Het Getto van Warschau in Warschau, Polen, was het grootste joodse getto opgericht door nazi-Duitsland tijdens de Holocaust in de Tweede Wereldoorlog. Tijdens het driejarig bestaan van het getto zorgden ondervoeding, ziekte en deportaties naar concentratiekampen en vernietigingskampen voor een daling van het bevolkingsaantal van een geschatte 450.000 tot 37.000 mensen. Hoeveel mensen precies in het getto hebben verbleven is onbekend, de schattingen lopen uiteen tussen de 450.000 en 560.000. In het getto vond de Opstand in het getto van Warschau plaats, een van de eerste massale opstanden tegen de nazi's die Europa bezetten.

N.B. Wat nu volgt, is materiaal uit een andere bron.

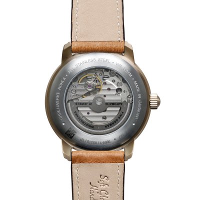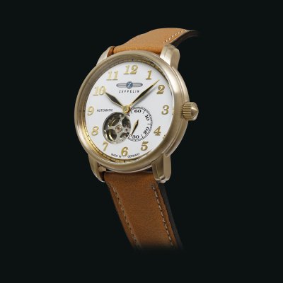 Diese Zeppelin Uhr hat ein Edelstahl Gehäuse mit einem Durchmesser von 40 mm und ist mit einem Armband aus Leder versehen. In der Uhr arbeitet ein Miyota Uhrwerk. Das Glas der Uhr besteht aus K1 Mineral - Glas.
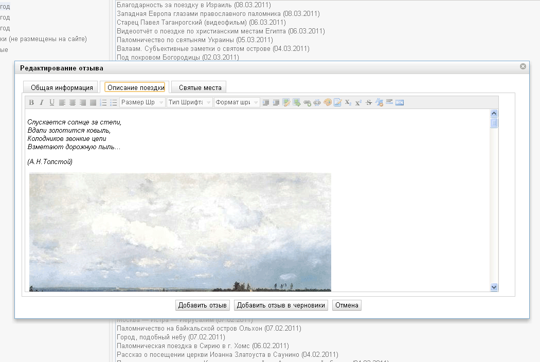 Святые местаВ этой вкладке можно задать для своего отзыва список святых мест, посещенных в процессе паломничества.
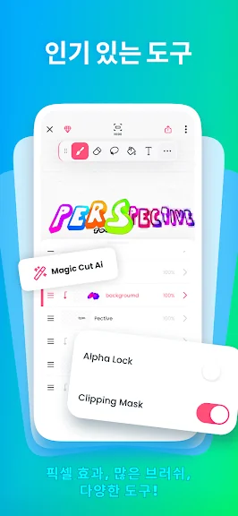 • 무료 툴인 브러쉬, 라소, 필, 지우개, 도형자, 미러 툴, 다양한 폰트로 텍스트 넣기로 아트 만들기!
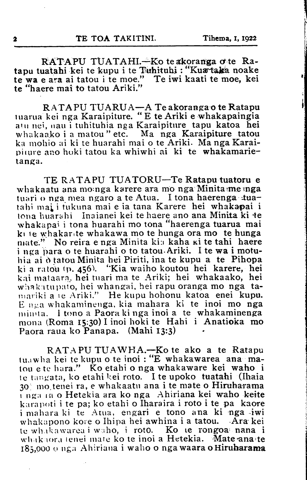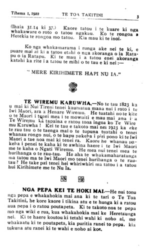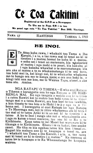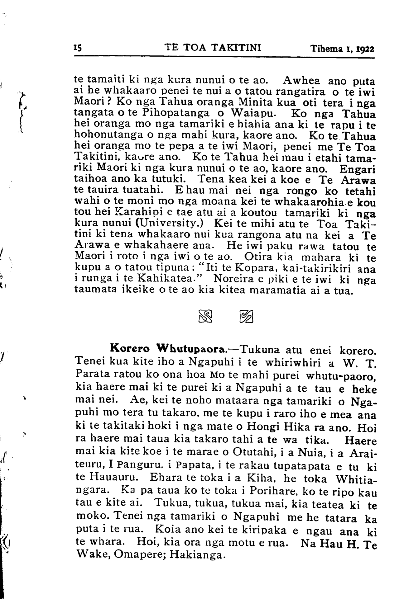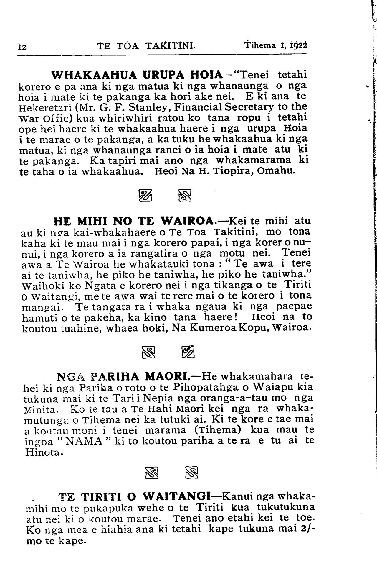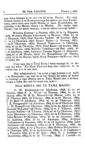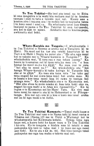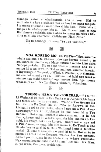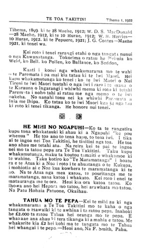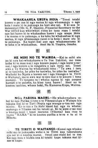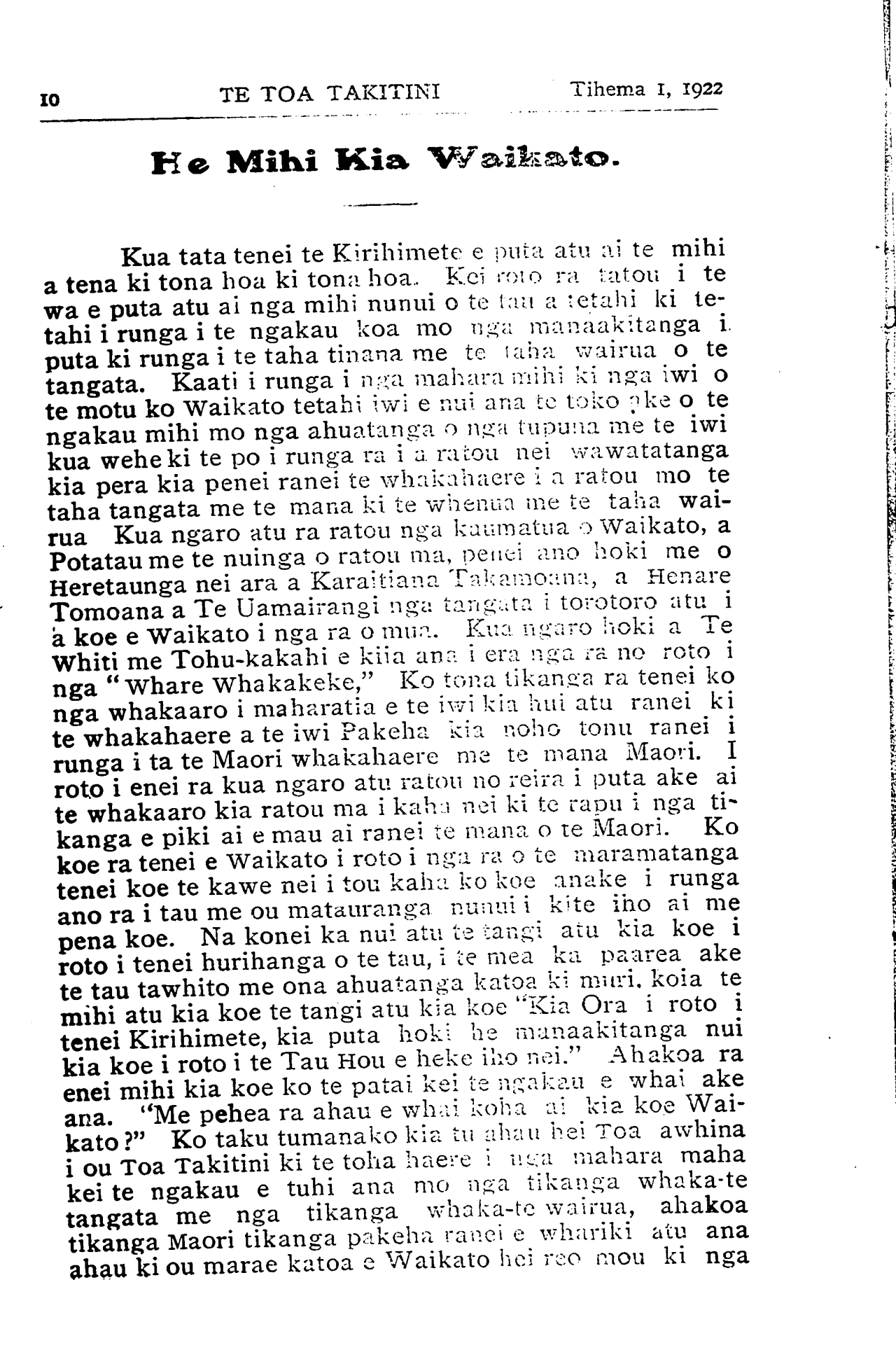 IOTE TOA TAKITINI Tihema 1, 1922 He Mihi Kia, Kua tata tenei te Kirihimete e puta atu ai te mihi a tena ki tona hoa ki tona hoa. Kei roto ra tatou i te wa e puta atu ai nga mihi nunui o te tau a tetahi ki te- tahi i runga i te ngakau koa mo nga manaakitanga i. puta ki runga i te taha tinana me te tana wairua o te tangata. Kaati i runga i nga mahara mihi ki nga iwi o te motu ko Waikato tetahi iwi e nui ana te toko ake o te ngakau mihi mo nga ahuatanga o nga tupuna me te iwi kua wehe ki te po i runga ra i a. ratou nei wawatatanga kia pera kia penei ranei te whakahaere I a ratou mo te taha tangata me te mana ki te whenua me te taha wai- rua Kua ngaro atu ra ratou nga kaumatua o Waikato, a Potatau me te nuinga o ratou ma, penei ano hoki me o Heretaunga nei ara a Karaitiana Takamoana, a. Henare Tomoana a Te Uamairangi nga tangata i torotoro atu i a koe e Waikato i nga ra o mua. Kua ngaro hoki a Te Whiti me Tohu-kakahi e kiia ana i era nga ra no roto i nga "Whare Whakakeke," Ko tona tikanga ra tenei ko nga whakaaro i maharatia e te iwi kia hui atu ranei ki te whakahaere a te iwi Pakeha kia noho tonu ranei i runga i ta te Maori whakahaere me te mana Maori. I roto i enei ra kua ngaro atu ratou no reira i puta ake ai te whakaaro kia ratou ma i kaha nei ki te rapu i nga ti- kanga e piki ai e mau ai ranei te mana o te Maori. Ko koe ra tenei e Waikato i roto i nga ra o te maramatanga tenei koe te kawe nei i tou kaha ko koe anake i runga ano ra i tau me ou matauranga nunui i kite iho ai me pena koe. Na konei ka nui atu te tangi atu kia koe i roto i tenei hurihanga o te tau, i te mea ka paarea ake te tau tawhito me ona ahuatanga katoa ki muri, koia te mihi atu kia koe te tangi atu kia koe "Kia Ora i roto i tenei Kirihimete, kia puta hoki he manaakitanga nui kia koe i roto i te Tau Hou e heke iho nei." Ahakoa ra enei mihi kia koe ko te patai, kei te ngakau e whai ake ana. "Me pehea ra ahau e whai koha ai kia koe Wai- kato?" Ko taku tumanako kia tu ahau hei Toa awhina i ou Toa Takitini ki te toha haere i nga mahara maha kei te ngakau e tuhi ana mo nga tikanga whaka-te tangata me nga tikanga whaka-te wairua, ahakoa tikanga Maori tikanga pakeha ranei e whariki atu ana ahau ki ou marae katoa e Waikato hei reo mou ki nga
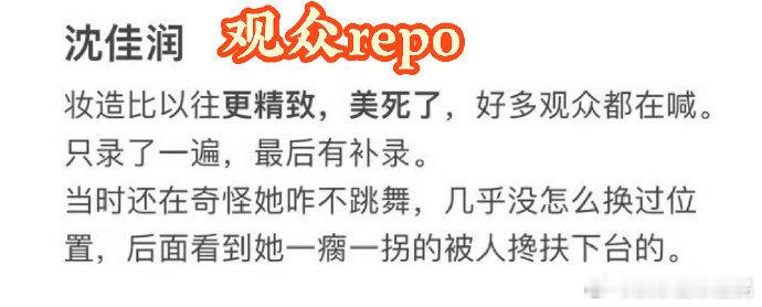 沈佳润带伤录跨晚 沈佳润也太拼了!带伤完成跨晚舞台录制,repo 反馈妆造精致、

Op 18 januari 1943 vond het eerste gewapende verzet plaats toen de Duitsers begonnen met de tweede ontruiming van het getto. De joodse strijders hadden wat succes: de deportatie stopte na vier dagen en de ŻOB en de ŻZW namen de macht in het getto over. Ze bouwden tientallen gevechtsposten en ondernamen actie tegen joodse collaborateurs. Tijdens de daaropvolgende drie maanden bereidden alle inwoners van het getto zich voor op wat het laatste gevecht zou worden. Dit laatste gevecht begon de dag voor Pesach, 19 april 1943. Joodse strijders schoten op Duitse patrouilles vanuit stegen, het riool, huizen en zelfs brandende gebouwen. Ook werden er granaten naar Duitsers gegooid. De nazi's reageerden met het blok voor blok opblazen van huizen en arresteerden elke Jood die ze te pakken kregen, deze Joden werden later allemaal gedood. Verzet van enige betekenis eindigde op 23 april, de opstand eindigde op 16 mei. Tijdens de gevechten werden ongeveer 7.000 joodse strijders gedood en nog eens 6.000 mensen werden levend verbrand of vergast in bunkers. De overgebleven 50.000 mensen werden naar vernietigingskampen gestuurd, de meeste naar Treblinka.